Enzymes and chemicals that act on RNA with structure-dependent preferences provide valuable tools for detecting and monitoring RNA folding. For example, dimethyl sulfate (DMS) treatment of RNA, either in vitro or in cells, coupled with high-throughput sequencing of abortive primer-extension products can monitor the folding states of many RNAs in one experiment. Analogous high-throughput methods use cell-permeable variants of SHAPE (selective 2′-hydroxyl acylation analyzed by primer extension) reagents. These methods reveal important differences between RNA structures formed in vivo and those formed in vitro. However, they are designed to detect Watson−Crick pairing and thus do not identify RG4 structures or provide information on their folding states. After recognizing that RG4 regions can block reverse transcriptase, we reasoned that this property, together with the known ability of RG4s to protect the N7 of participating G nucleotides from DMS modification, could be used to develop a suite of high-throughput methods to both identify endogenous RNAs that can fold into RG4s in vitro and determine whether these regions also fold in cells.


We first developed a high-throughput method that identifies RG4 regions on the basis of their propensity to stall reverse transcriptase in a K+-dependent manner. Applying this method to RNA from mammalian cell lines and yeast, we identified >10,000 endogenous regions that form RG4s in vitro, thereby expanding by a factor of >100 the catalog of endogenous regions with experimentally supported propensity to fold into RG4 structures. To infer the folding state of these RG4 regions in vitro and in cells, DMS treatment was performed before profiling of reverse-transcriptase stops. These analyses showed that, in contrast to previous assumptions, regions that folded into RG4 structures in vitro were overwhelmingly unfolded in vivo, as indicated by their accessibility to DMS modification in cells. A complementary probing strategy using a SHAPE reagent confirmed the unfolded state of most RG4 regions in eukaryotic cells. Moreover, RG4 regions remained unfolded both in cells depleted of adenosine 5′-triphosphate and in cells lacking a helicase known to unfold RG4 regions in vitro. Applying our probing methods to bacteria revealed a different behavior, in that model RG4 regions that were unfolded in eukaryotic cells were folded when expressed in Escherichia coli. However, these ectopically expressed quadruplexes impaired mRNA translation and cell growth, which helps explain why very few endogenous sequences that could fold into RG4s were detected in the transcriptomes of E. coli and the two other eubacteria analyzed.
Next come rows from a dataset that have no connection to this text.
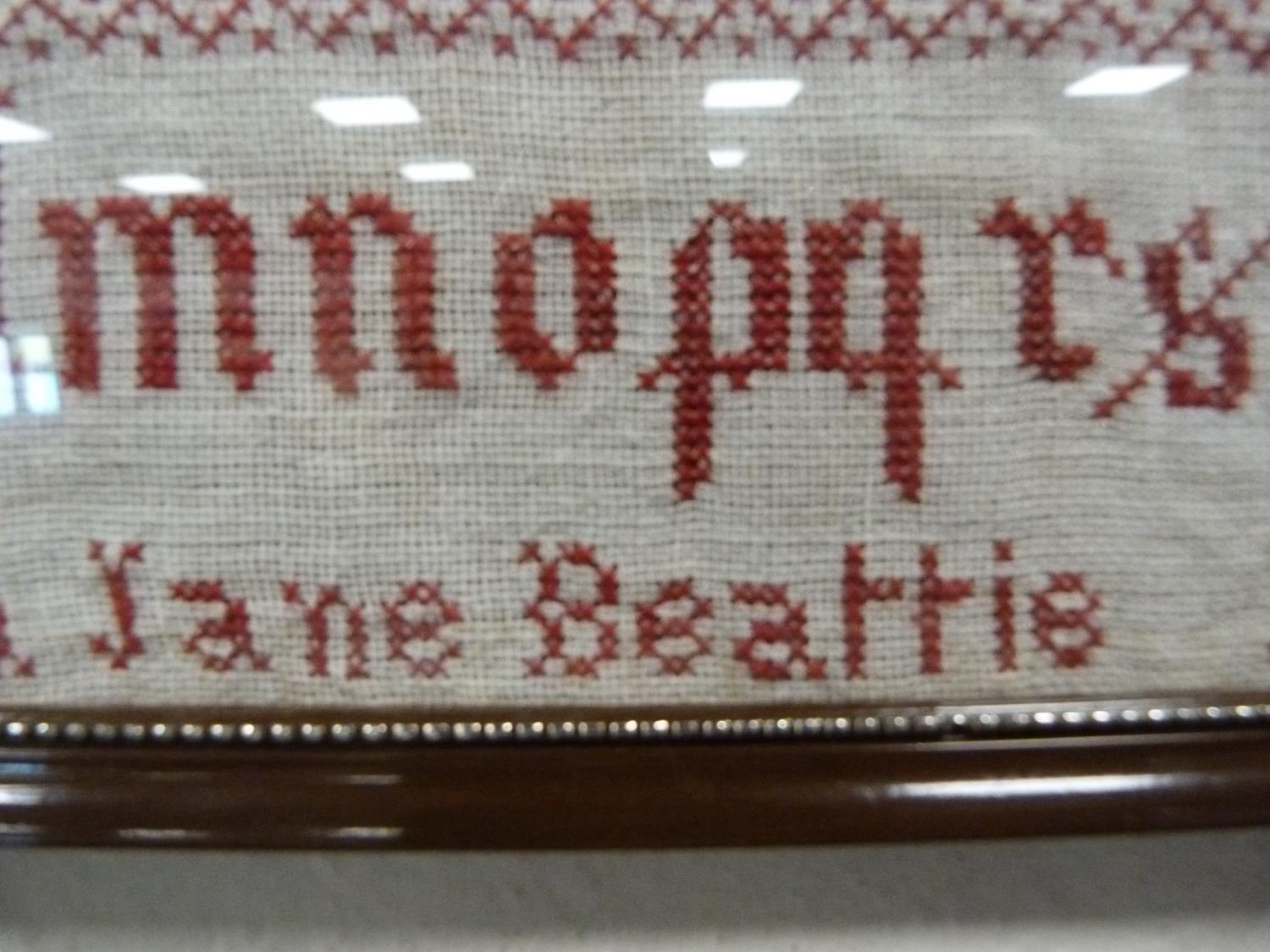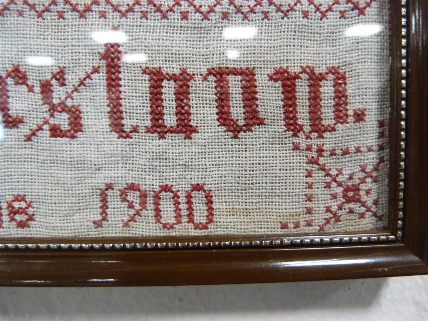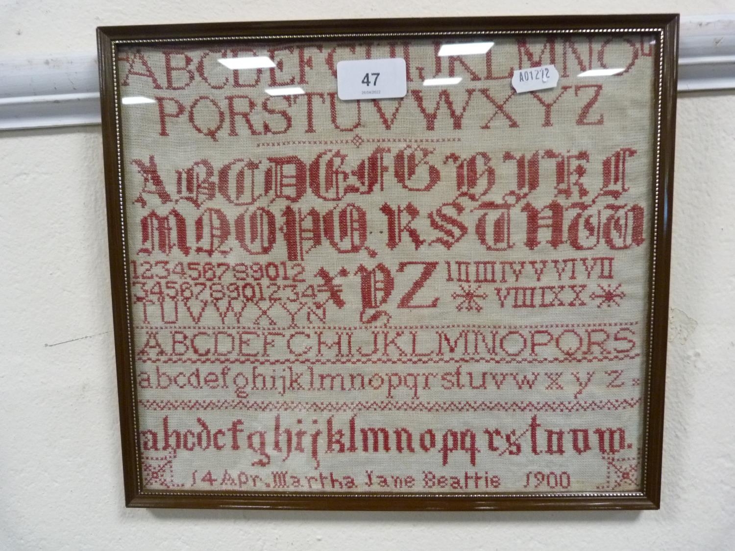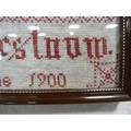 Framed needlepoint sampler worked by Martha Jane Beattie, 14th April 1900.
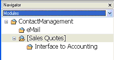 In the example below, Contact Management has 3 modules. You can tell that Sales Quotes is what is currently open, because the folder icon is open and it has brackets around it. Each module represents a Magic xpa project, and they can be located anywhere.
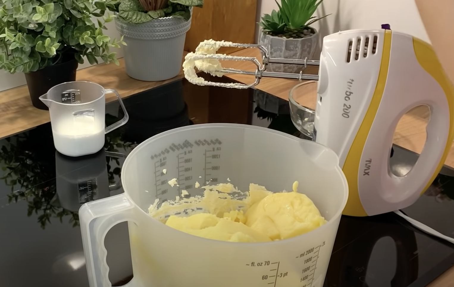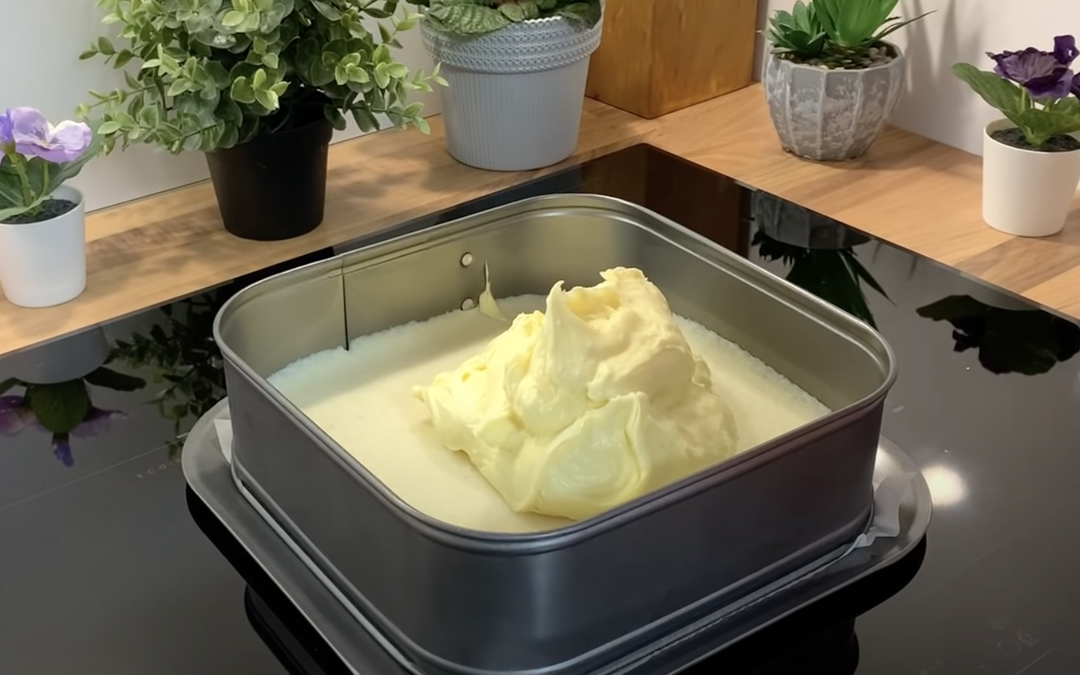 Powoli dodawać schłodzoną masę budyniową oraz 250 ml śmietanki kremówki, cały czas ubijając. Krem przełożyć do formy jako drugą warstwę.
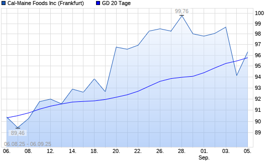 Mit dem Anstieg auf 96,30 EUR hat die Cal-Maine Foods-Aktie am 05.09.2025 die 20-Tage-Linie nach oben gekreuzt.
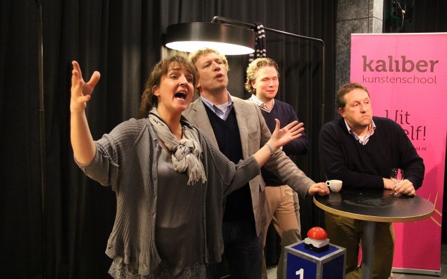 Jurylid Hanneke maakt de uitslag bekend van de Rumoer Nieuwsquiz 2013
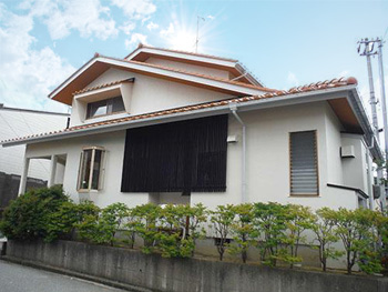 | 付帯部:雨軒裏 1回塗りです。日本ペイント ケンエースG-Ⅱを使用しています。 |
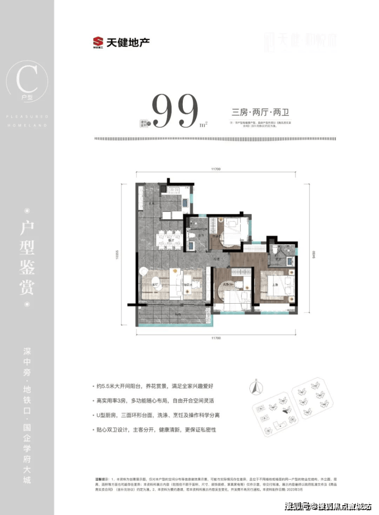 坪山石井,天健和悦府面积有75-76㎡的3房2厅1卫,89㎡的3房2厅2卫,99㎡的3房2厅2卫户型(可改4房),计划在2025年12月底前带精装修交房。加推现推出特价76平3房2厅,总价150万起.
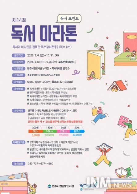 제이앤엠뉴스 | 원주시립중앙도서관은 이달 6일부터 제14회 원주시 독서마라톤 참가자를 모집한다.
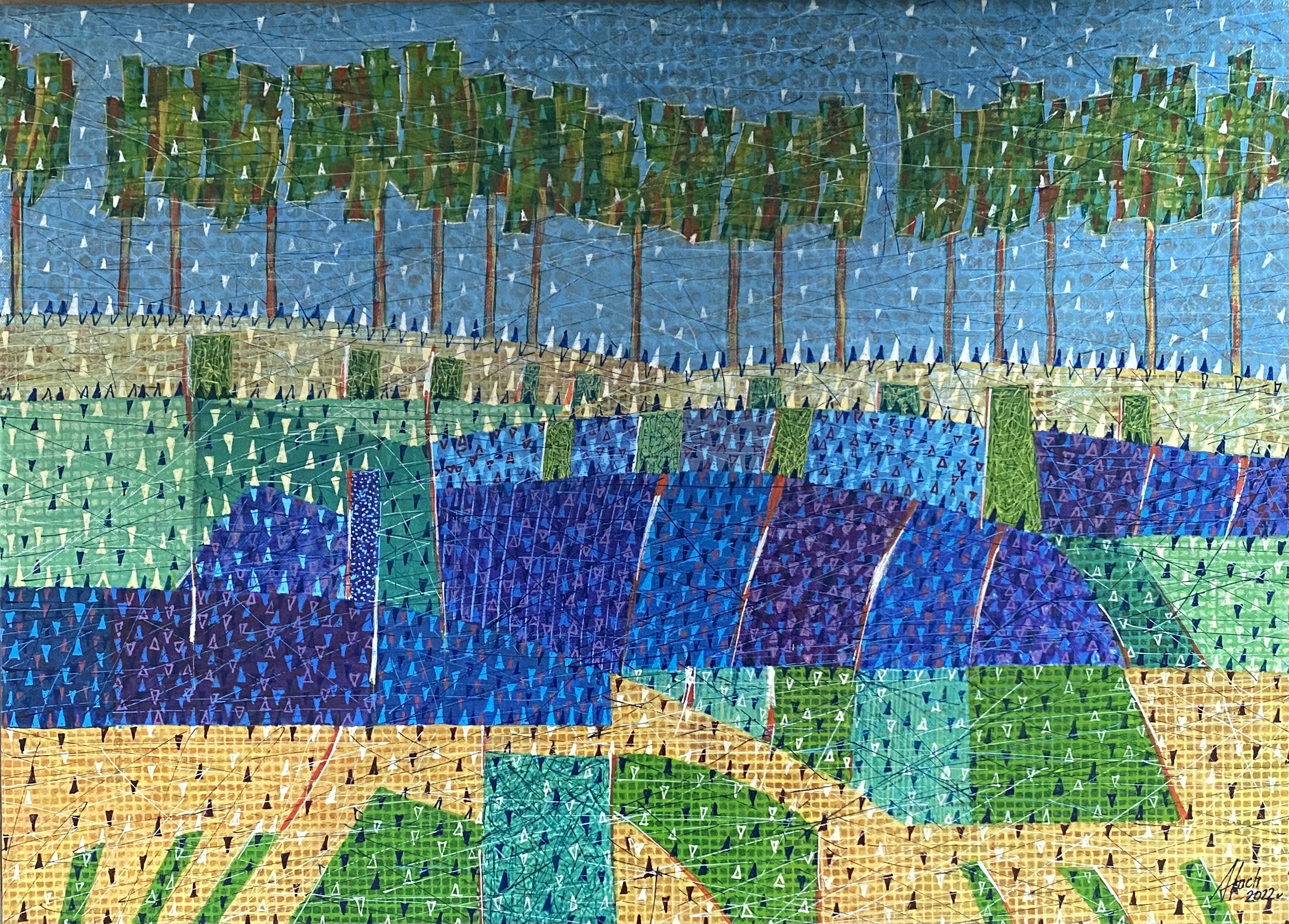 - Barbara Szyc, „Pejzaż”, technika pastelowa, kolaż
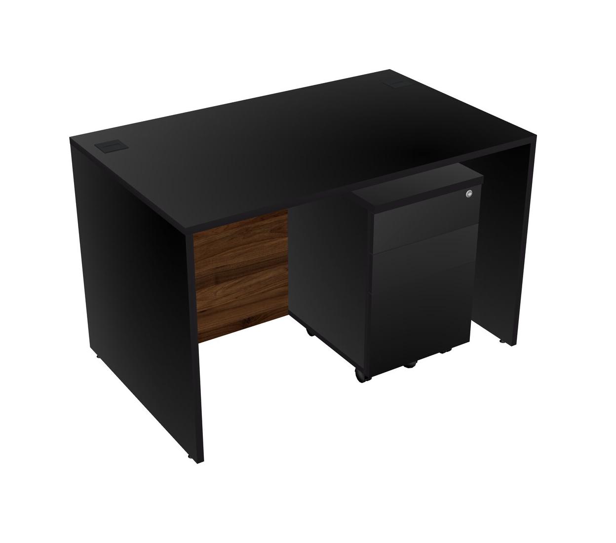 Bureau Rectangulaire Noir Avec Tiroirs Mobiles En Bois Noir
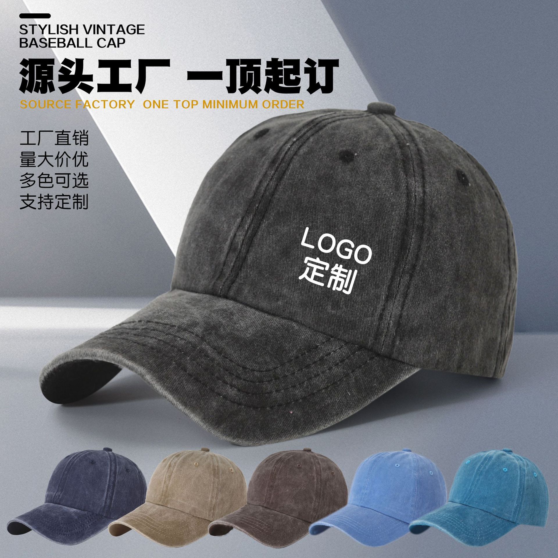 哇噢女韩版做旧水洗棒球帽定制logo复古弯檐遮阳帽纯色鸭舌帽印字
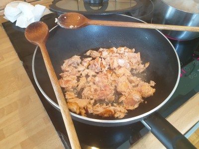 Ko bo pečen, ga s pomočjo kuhalnic razdrobite na manjše koščke (glej sliko). |
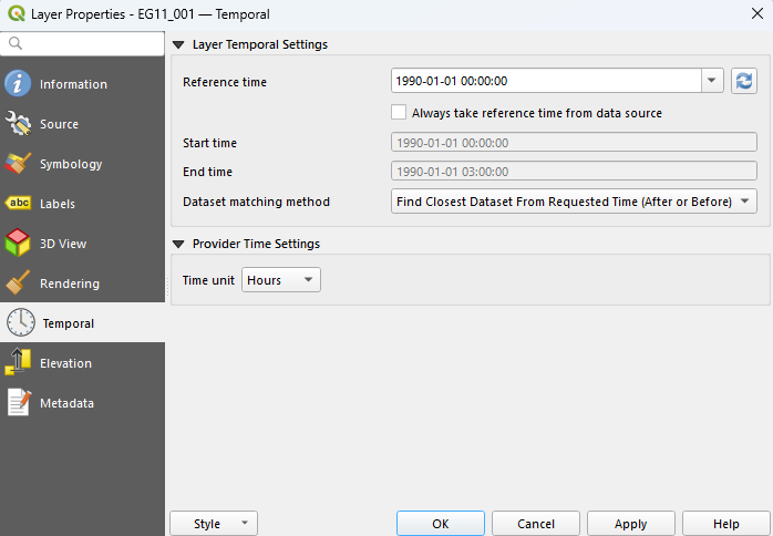 The reference time determines the isodate values shown for the "Animation Range" in the Temporal Controller window. If the NetCDF mesh result does not have an inherent reference time, the following hierarchy is used to set the reference time:
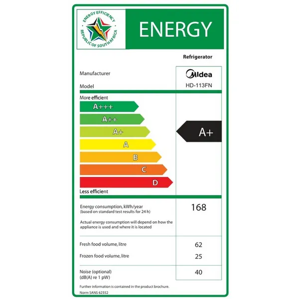 - A+ / 3-Star Energy Rating - Low energy consumption for cost-effective operation.
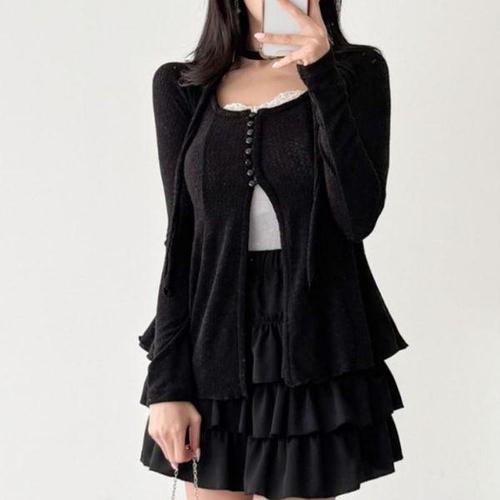 [다잇템][다잇템] 여성 트임 롱슬리브 레이스 후레아 넥스트랩 카디건_23592134_588872

In mammals, thousands of endogenous RNA sequences have regions that can fold into RG4s in vitro, but these regions are globally unfolded in eukaryotic cells, presumably by robust and effective machinery that remains to be fully characterized. In contrast, RG4 regions are permitted to fold in E. coli cells, but E. coli and other bacteria have undergone evolutionary depletion of endogenous RG4-forming sequences.

The different mechanisms that eukaryotic and eubacterial cells use to avoid RG4 structures.

RG4 regions are abundant but overwhelmingly unfolded in mammalian and yeast cells, implying robust and efficient molecular machinery, presumably involving helicases and RNA-binding proteins, which specifically unfolds RG4 regions and maintains them in an unfolded state (left). In contrast, regions that can fold into RG4 structures are depleted in bacteria, implying fewer progeny of cells that acquire these regions (right).


In vitro, some RNAs can form stable four-stranded structures known as G-quadruplexes. Although RNA G-quadruplexes have been implicated in posttranscriptional gene regulation and diseases, direct evidence for their formation in cells has been lacking. Here, we identified thousands of mammalian RNA regions that can fold into G-quadruplexes in vitro, but in contrast to previous assumptions, these regions were overwhelmingly unfolded in cells. Model RNA G-quadruplexes that were unfolded in eukaryotic cells were folded when ectopically expressed in Escherichia coli; however, they impaired translation and growth, which helps explain why we detected few G-quadruplex–forming regions in bacterial transcriptomes. Our results suggest that eukaryotes have a robust machinery that globally unfolds RNA G-quadruplexes, whereas some bacteria have instead undergone evolutionary depletion of G-quadruplex–forming sequences.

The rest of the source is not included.